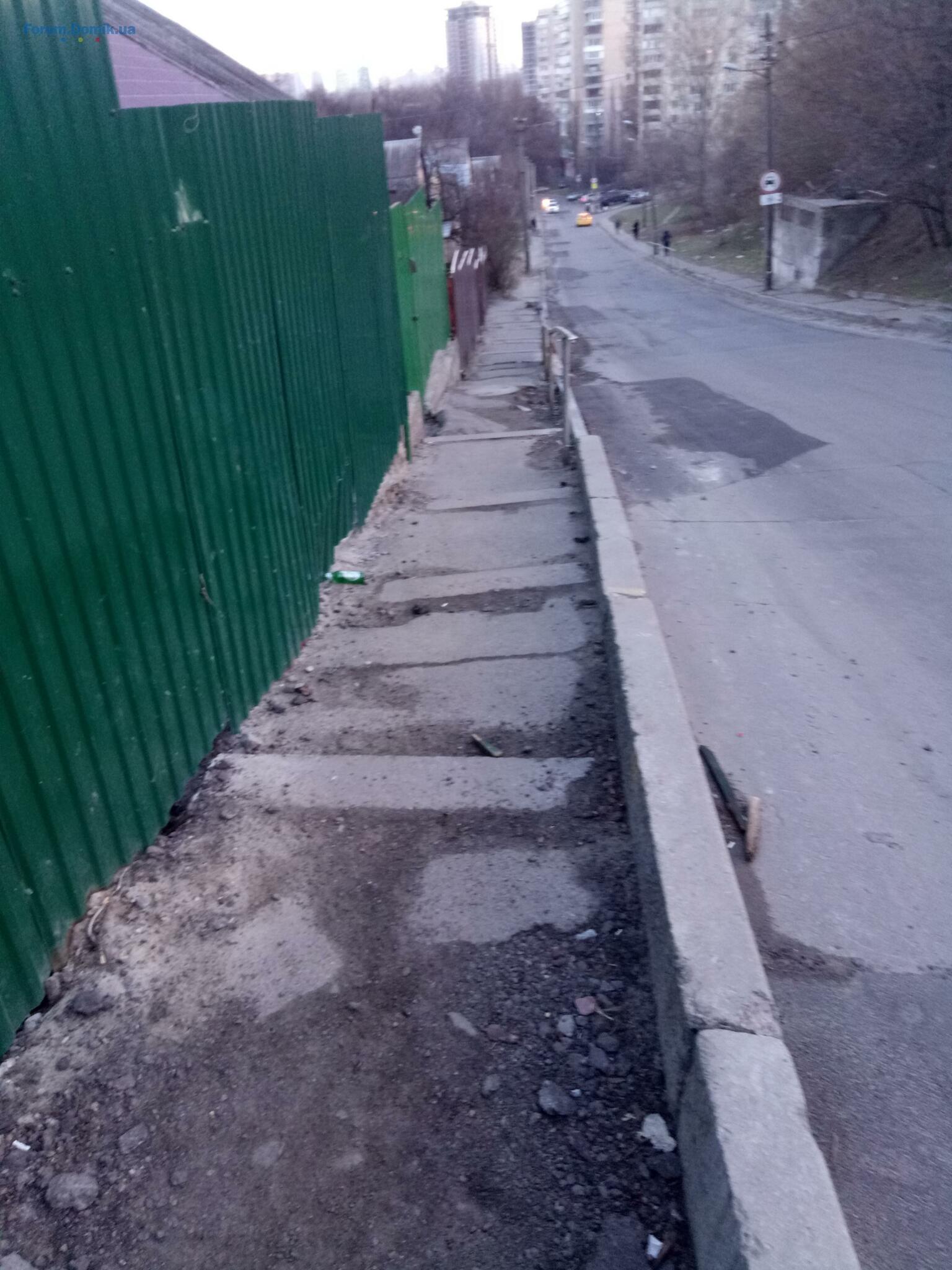 Можно идти не по дороге и не по грязи, а по другой стороне , там есть тротуар . Здесь было перерыто в связи с аварией , нужно сообщить в киевраду, чтоб сделали. Я позвоню и советую вам так же жил сделать
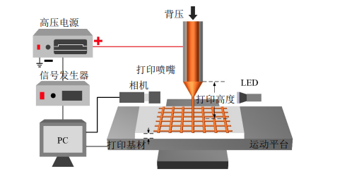 实验过程:高压电源输入端与信号发生器输出端相连,高压电源正极输出端与打印喷嘴(导电)直接相连,打印喷嘴上端连接有气压控制和材料供给单元,打印喷嘴下端放置打印基材,打印基材放置在X-Y向位移台上,计算机控制位移台运动以及CCD相机。
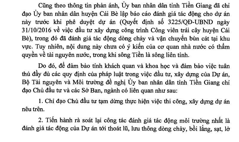 Để đảm bảo tính khách quan, khoa học và tuân thủ đầy đủ quy định của pháp luật trong việc đầu tư, xây dựng, Bộ TN&MT đề nghị UBND tỉnh Tiền Giang rà soát công tác đánh giá tác động môi trường, nhất là đánh giá tác động của dự án công viên tới việc thoát lũ, lưu thông dòng chảy, bồi lắng, sạt, lở…
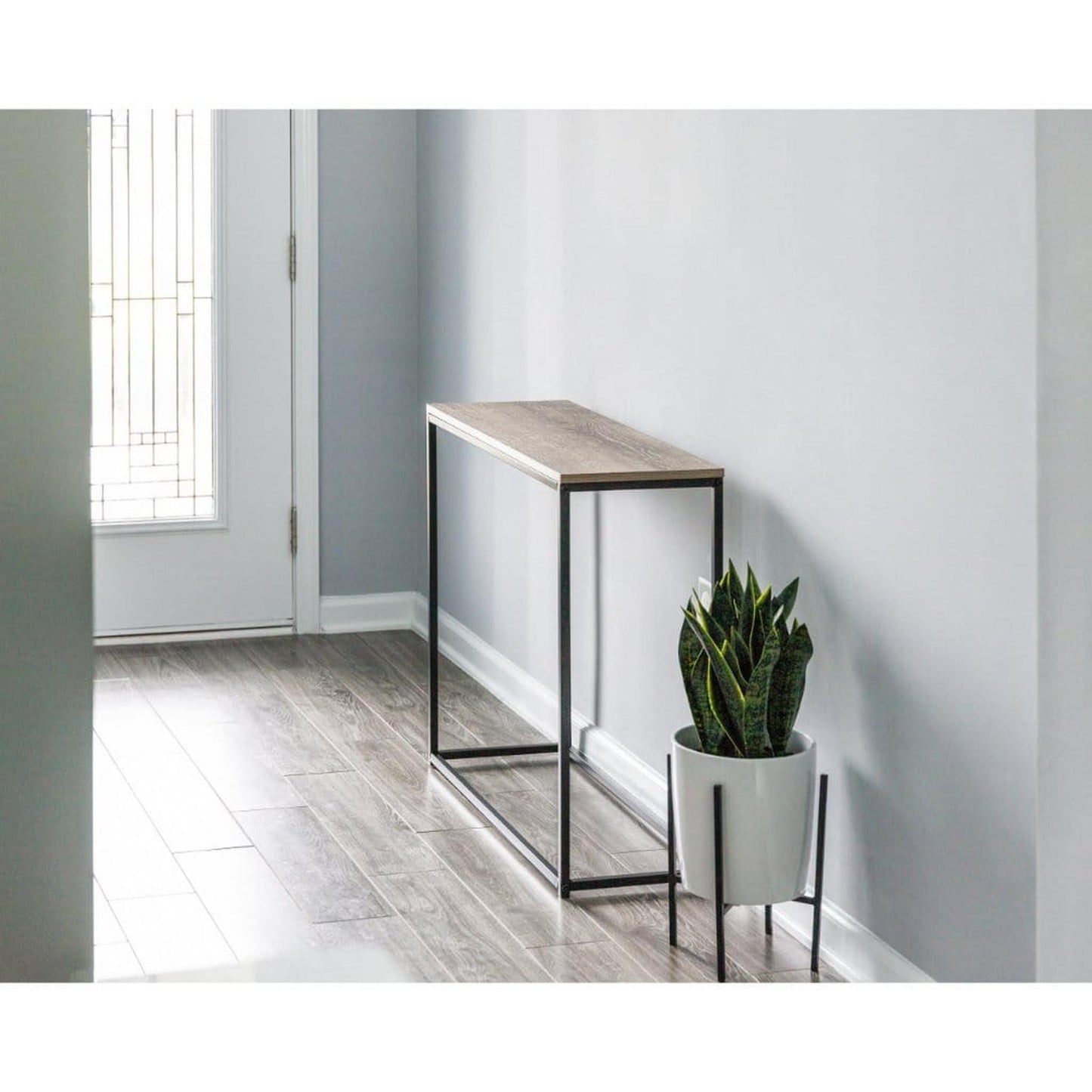 The Tribeca Console Table is a perfect accent for your entryways and entertaining spaces, and slim enough for hallway and foyer areas. Enjoy the organic appeal of the wood-look surface and slim-but-sturdy frame. Curate a display of trinkets, place a table lamp to illuminate the room, or use it as your staging area with a bowl for keys and necessities. Stash a basket or magazine rack below for easy and chic storage.
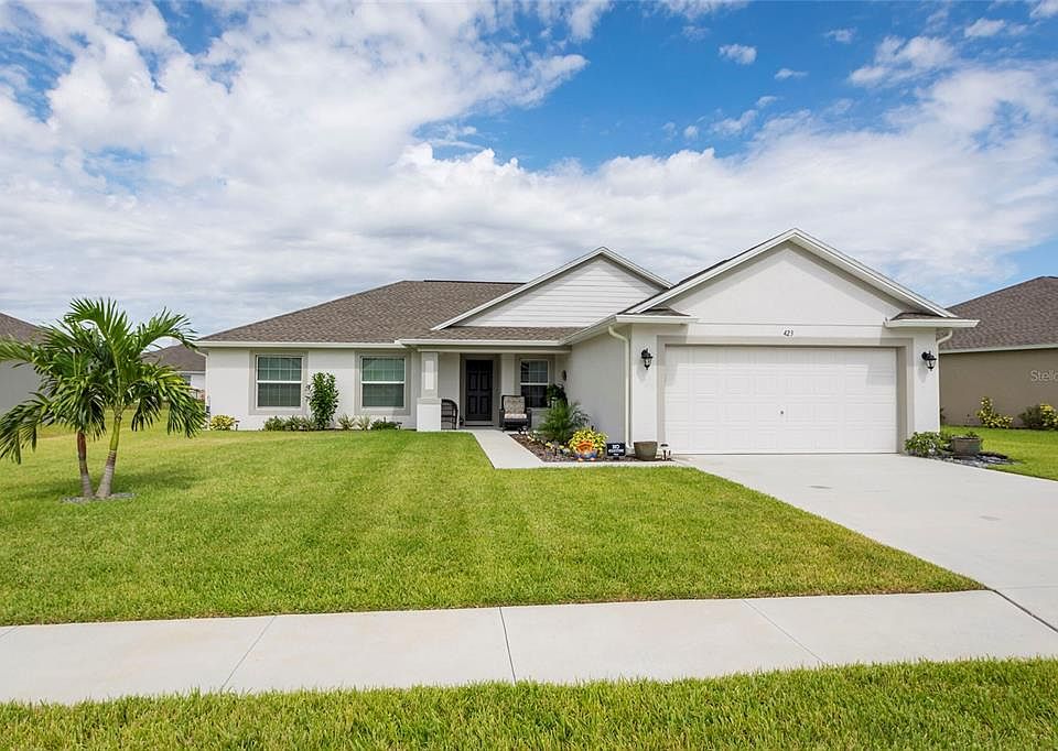Welcome to Your Cozy Retreat: Embrace Relaxed Living in this Charming Savannah Model by Southern Homes. Nestled in the serene Sanctuary By the Lake of Winter Haven (DIRECTLY BETWEEN ORLANDO AND TAMPA) this custom-designed home invites you to experience a tranquil lifestyle. Thoughtfully enhanced for comfort and ease, this residence exudes a sense of charm. Upon entry, the kitchen welcomes you with elegant GRANITE countertops and soft under-counter lighting, setting the scene for delightful meals and laid-back gatherings. Each room, adorned with ceiling fans and subtle dimmer switches, creates a cozy ambiance perfect for unwinding. The master suite serves as your haven, featuring a serene TRAY CEILING and a CALIFORNIA CLOSET UPGRADE, offering ample space for your personal retreat. Step outside to your private outdoor sanctuary—a covered back patio invites you to relax under a refreshing ceiling fan. With the potential for an outdoor kitchen and convenient laundry sinks, it's an ideal spot for leisurely afternoons and enjoying the pleasant surroundings. Noteworthy upgrades include an advanced irrigation system, energy-efficient LED lighting, and luxury vinyl flooring, ensuring low-maintenance living. Don't forget to bring your water toys and launch them off the COMMUNITY DOCK from Lake Rochelle, or let the little ones play all day in the community PLAYGROUND. For added peace of mind, this home comes with WARRANTIES on essential appliances and the foundation, providing assurance as you settle into your new abode. With its laid-back layout and thoughtful upgrades, this property offers a comfortable retreat, perfect for embracing a relaxation. Come and experience the inviting charm of this home—schedule your private showing today and envision the tranquil lifestyle it offers!
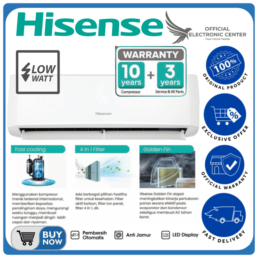HISENSE AC 1 PK AN09CEG AN-09CDG AN09 SUPER LOW WATT STANDARD FAST COOLING R32 AC HISENSE 1PK
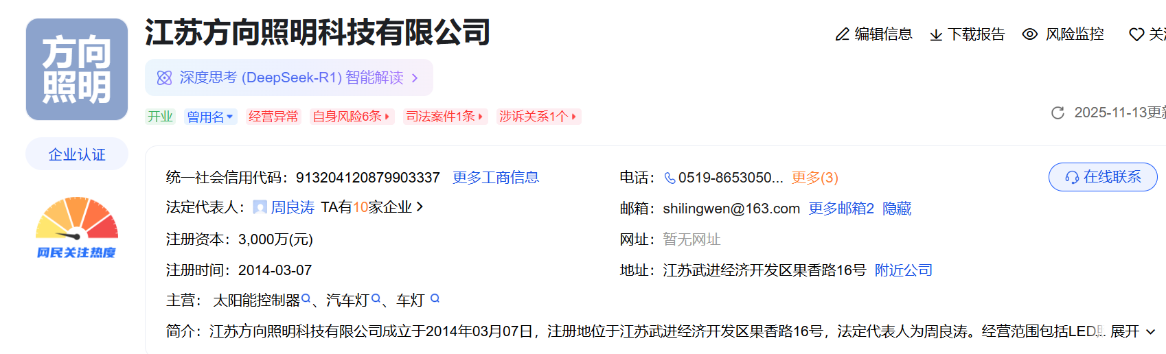 图 12 江苏方向照明工商信息(来源:爱企查)
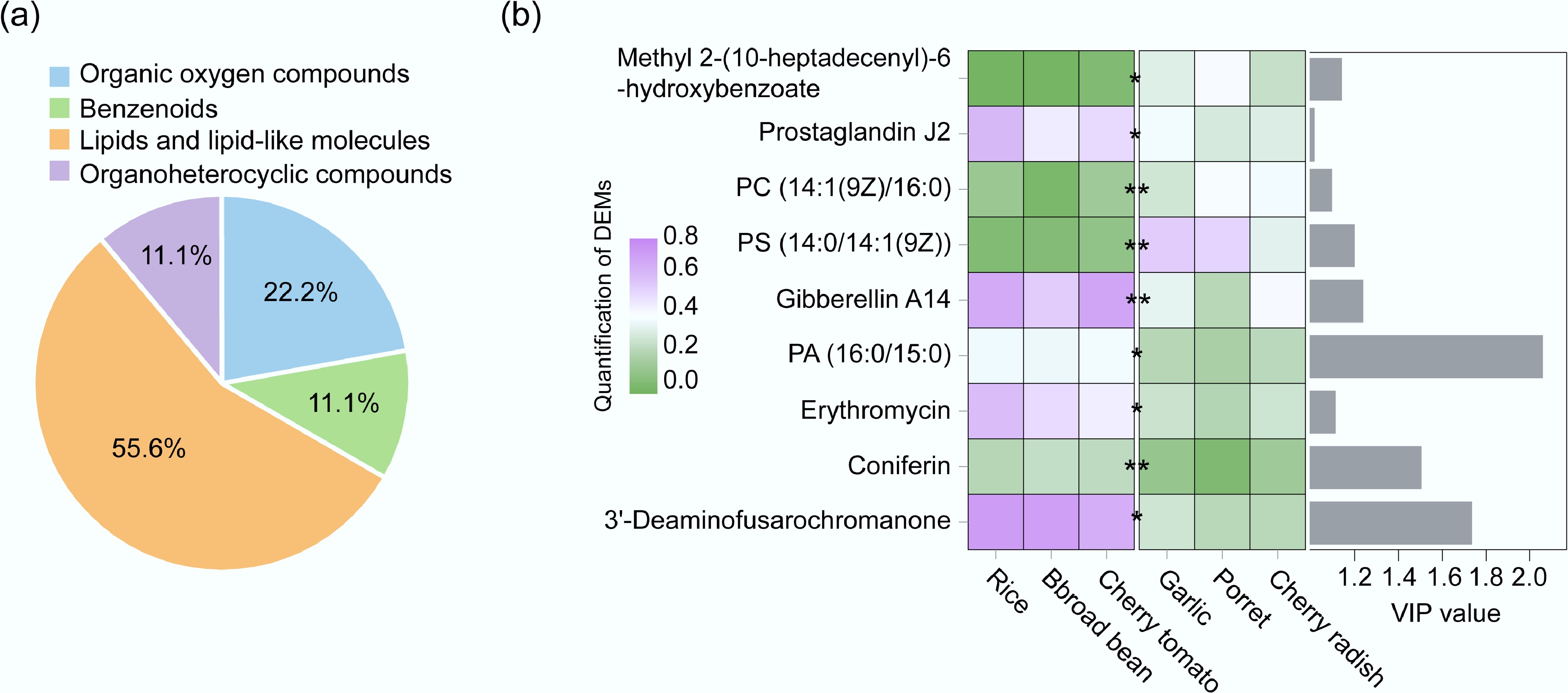 • Rhizosphere metabolites affected the ARG distribution and spread in soil-plant systems of different crops. Three crops with high ARG abundances (garlic, cherry radish, and porret) and three crops with low ARG abundances (broad bean, rice, and cherry tomato) were selected and divided into two comparison groups. The rhizosphere metabolites were analyzed by OPLS-DA. Using a fold change ≤ 0.67 or ≥ 1.5 and VIP > 1 as thresholds, nine DEMs were identified in the high abundance group and the low abundance group. The categories of DEMs included lipids and lipid-like molecules, organic oxygen compounds, organoheterocyclic compounds, and benzenoids, of which lipids and lipid-like molecules accounted for the largest proportion (55.6%) (Fig. 5a). In the group with high ARG abundances (Fig. 5b), the content of Prostaglandin J2 (lipids), Gibberellin A14 (lipids), PA (16:0/15:0) (lipids), Erythromycin, and 3'-Deaminofusarochromanone was up-regulated. The content of the other five kinds of DEMs—PC (14:1[9Z]/16:0) (lipids), Methyl 2-(10-heptadecenyl)-6-hydroxybenzoate, PS (14:0/ 14:1[9Z]) (lipids), and coniferin—was down-regulated. Additionally, the VIP value of PA (16:0/15:0) (lipids) was the highest, which indicated that lipids in rhizosphere metabolites had a more obvious influence on endophytic bacteria spread and ARG distribution in different crops.

Try it> Set the records down again exactly as given, and leave the pictures out.

Response for this exercise>
 Можно идти не по дороге и не по грязи, а по другой стороне , там есть тротуар . Здесь было перерыто в связи с аварией , нужно сообщить в киевраду, чтоб сделали. Я позвоню и советую вам так же жил сделать
 实验过程:高压电源输入端与信号发生器输出端相连,高压电源正极输出端与打印喷嘴(导电)直接相连,打印喷嘴上端连接有气压控制和材料供给单元,打印喷嘴下端放置打印基材,打印基材放置在X-Y向位移台上,计算机控制位移台运动以及CCD相机。
 Để đảm bảo tính khách quan, khoa học và tuân thủ đầy đủ quy định của pháp luật trong việc đầu tư, xây dựng, Bộ TN&MT đề nghị UBND tỉnh Tiền Giang rà soát công tác đánh giá tác động môi trường, nhất là đánh giá tác động của dự án công viên tới việc thoát lũ, lưu thông dòng chảy, bồi lắng, sạt, lở…
 The Tribeca Console Table is a perfect accent for your entryways and entertaining spaces, and slim enough for hallway and foyer areas. Enjoy the organic appeal of the wood-look surface and slim-but-sturdy frame. Curate a display of trinkets, place a table lamp to illuminate the room, or use it as your staging area with a bowl for keys and necessities. Stash a basket or magazine rack below for easy and chic storage.
Welcome to Your Cozy Retreat: Embrace Relaxed Living in this Charming Savannah Model by Southern Homes. Nestled in the serene Sanctuary By the Lake of Winter Haven (DIRECTLY BETWEEN ORLANDO AND TAMPA) this custom-designed home invites you to experience a tranquil lifestyle. Thoughtfully enhanced for comfort and ease, this residence exudes a sense of charm. Upon entry, the kitchen welcomes you with elegant GRANITE countertops and soft under-counter lighting, setting the scene for delightful meals and laid-back gatherings. Each room, adorned with ceiling fans and subtle dimmer switches, creates a cozy ambiance perfect for unwinding. The master suite serves as your haven, featuring a serene TRAY CEILING and a CALIFORNIA CLOSET UPGRADE, offering ample space for your personal retreat. Step outside to your private outdoor sanctuary—a covered back patio invites you to relax under a refreshing ceiling fan. With the potential for an outdoor kitchen and convenient laundry sinks, it's an ideal spot for leisurely afternoons and enjoying the pleasant surroundings. Noteworthy upgrades include an advanced irrigation system, energy-efficient LED lighting, and luxury vinyl flooring, ensuring low-maintenance living. Don't forget to bring your water toys and launch them off the COMMUNITY DOCK from Lake Rochelle, or let the little ones play all day in the community PLAYGROUND. For added peace of mind, this home comes with WARRANTIES on essential appliances and the foundation, providing assurance as you settle into your new abode. With its laid-back layout and thoughtful upgrades, this property offers a comfortable retreat, perfect for embracing a relaxation. Come and experience the inviting charm of this home—schedule your private showing today and envision the tranquil lifestyle it offers!
HISENSE AC 1 PK AN09CEG AN-09CDG AN09 SUPER LOW WATT STANDARD FAST COOLING R32 AC HISENSE 1PK
 图 12 江苏方向照明工商信息(来源:爱企查)
 • Rhizosphere metabolites affected the ARG distribution and spread in soil-plant systems of different crops. Three crops with high ARG abundances (garlic, cherry radish, and porret) and three crops with low ARG abundances (broad bean, rice, and cherry tomato) were selected and divided into two comparison groups. The rhizosphere metabolites were analyzed by OPLS-DA. Using a fold change ≤ 0.67 or ≥ 1.5 and VIP > 1 as thresholds, nine DEMs were identified in the high abundance group and the low abundance group. The categories of DEMs included lipids and lipid-like molecules, organic oxygen compounds, organoheterocyclic compounds, and benzenoids, of which lipids and lipid-like molecules accounted for the largest proportion (55.6%) (Fig. 5a). In the group with high ARG abundances (Fig. 5b), the content of Prostaglandin J2 (lipids), Gibberellin A14 (lipids), PA (16:0/15:0) (lipids), Erythromycin, and 3'-Deaminofusarochromanone was up-regulated. The content of the other five kinds of DEMs—PC (14:1[9Z]/16:0) (lipids), Methyl 2-(10-heptadecenyl)-6-hydroxybenzoate, PS (14:0/ 14:1[9Z]) (lipids), and coniferin—was down-regulated. Additionally, the VIP value of PA (16:0/15:0) (lipids) was the highest, which indicated that lipids in rhizosphere metabolites had a more obvious influence on endophytic bacteria spread and ARG distribution in different crops.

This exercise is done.